Inside Qarchak: testimonies from prisoners and journalists
For more than a decade, accounts of Qarchak’s conditions have painted a picture of systematic neglect and abuse. When several political prisoners were moved there in 2011, they described vast hangars crammed with over 200 women each, without ventilation, with sewage odors causing respiratory problems, and with only two toilets and two showers for hundreds of people. Shortages were so severe that some prisoners were forced to relieve themselves in the aisles between beds.
Former political prisoner and lawyer Negar Haeri has said: “People there are completely cut off from the outside world. It is the end of the world.” Journalist Jila Bani-Yaghoub wrote that Qarchak “does not even resemble a prison” but “a ruin.”
More recent testimonies confirm these conditions. Prisoners say drinking water is salty—even tea tastes of salt—and many must buy bottled water at their own expense. Overcrowding and lack of sanitation are routine; some women sleep on the floor, and wards are at times denied outdoor time for weeks. Former inmates report that staged visits for officials only show a cleaned-up wing near the entrance, concealing the true conditions inside.
Maryam Akbari Monfared: “This is not a prison—it’s a ruin”
In November 2024 (Ābān 1403), political prisoner Maryam Akbari Monfared—detained since 2009—was transferred to Qarchak from Semnan Prison. In her account, more than 120 women share a single bathroom in Ward 6, which has been denied fresh-air breaks for months. She calls Qarchak “not even like a prison, but a ruin,” worse even than Semnan, which she had previously described as “hellish.” She also points to women trapped beyond their legal release dates because their files have been “lost.”
Women, Life, Freedom: violence and humiliation
Testimonies from the 2022–2023 Women, Life, Freedom uprising describe systematic violence against women detainees. One former prisoner told Zamaneh:
“Women who were beaten were dragged across the asphalt and left without medical care. Their legs were injured, their hands cuffed and bruised. I remember a girl with short hair who was arrested; they beat her mercilessly, even stripping her to check whether she was a girl or a boy.”
According to the same source, women detainees were held in detention facilities under such conditions before being transferred to Qarchak’s quarantine and later to Ward 8.

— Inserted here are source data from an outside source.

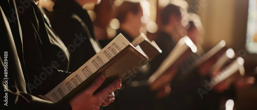 A serene choir engrossed in singing, holding hymn books under warm, diffused lighting, creating a peaceful and reverent atmosphere.
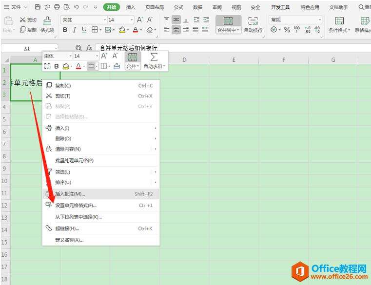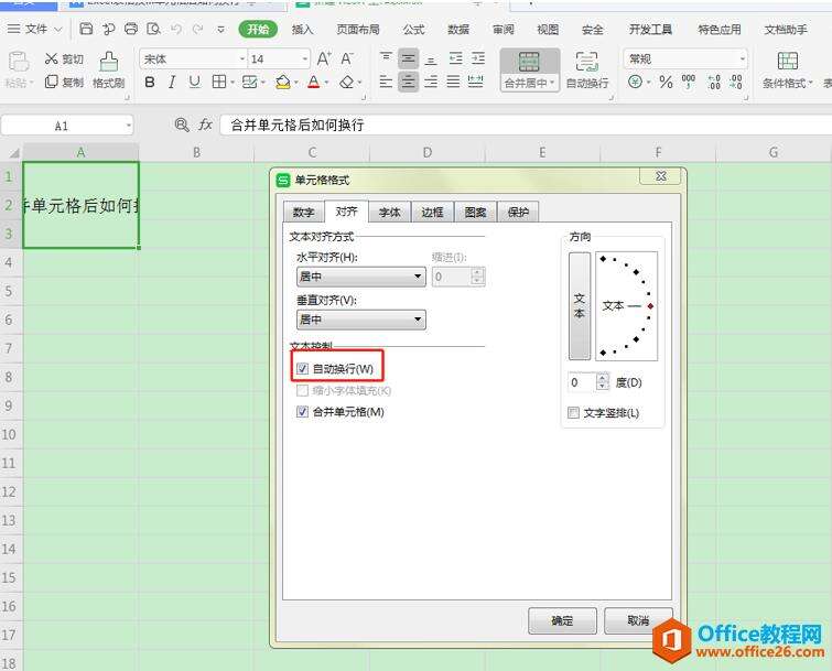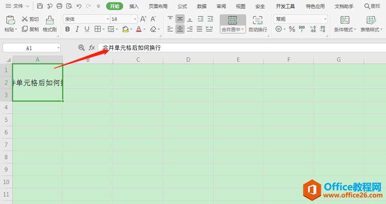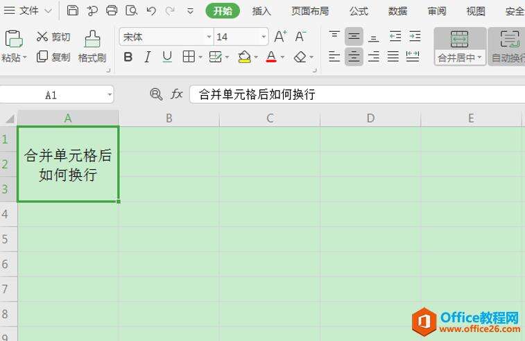 以上是为您收集整理的【WPS Excel合并单元格后如何换行】办公软件教程的全部内容,希望文章能够帮你了解办公软件教程WPS Excel合并单元格后如何换行。
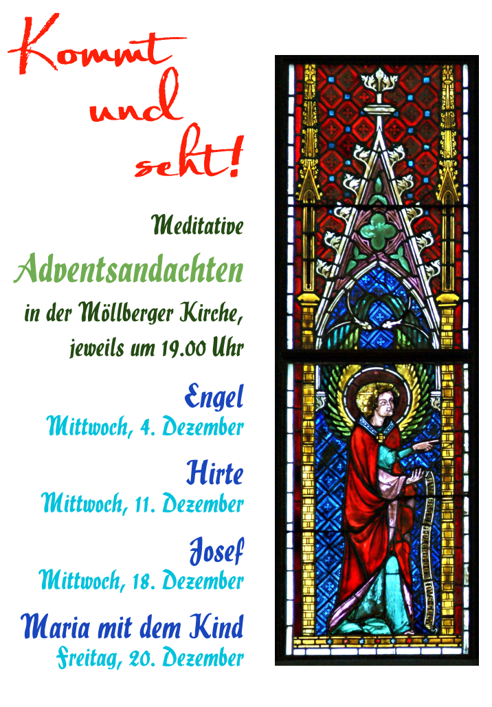 Unter der Überschrift „Kommt und seht!“ gibt es auch in diesem Jahr 4 Advents-Andachten in der Möllberger Kirche jeweils um 19.00 Uhr:
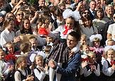 День знаний, посвященный началу нового учебного года. Тторжественная линейка в школе №118. Жанровая фотография.
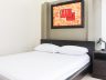 - The bedroom features a queen size platform bed with a headboard against the flaxen accent headboard wall. Daylight from the window wall brightens the room

The source also reported a case of sexual assault against a Christian woman in Qarchak’s quarantine:
“She was subjected to such severe physical violence that she lost five teeth. Her hands and feet were brutally beaten with boots, and she was raped. They used electric shocks on her until she could barely speak—she looked like a dead person. Out of fear that she might die in custody, they released her on heavy bail.”
Another testimony describes the humiliation of a young woman during transfer:
“She was arrested and placed in a vehicle between two Basijis. Her hands were tied behind her back in a degrading way, and they told her to hold them as if she were clutching the officers’ genitals. When she was taken out of the car, they forced her to smell their crotches. It was one of the most shocking moments women experienced in those days in Qarchak.”
A systemic failure of care—and accountability
Rashidi’s death fits this broader pattern: medical crises minimized as “simulation,” urgent transfers delayed, and sedatives used instead of treatment. Iran’s Prisons Organization is legally responsible for prisoners’ health, but in practice accountability is absent. IHR has demanded an independent investigation and the closure of Qarchak.
Until that happens, the risk remains: more women will die in custody, and the truth will be buried with them.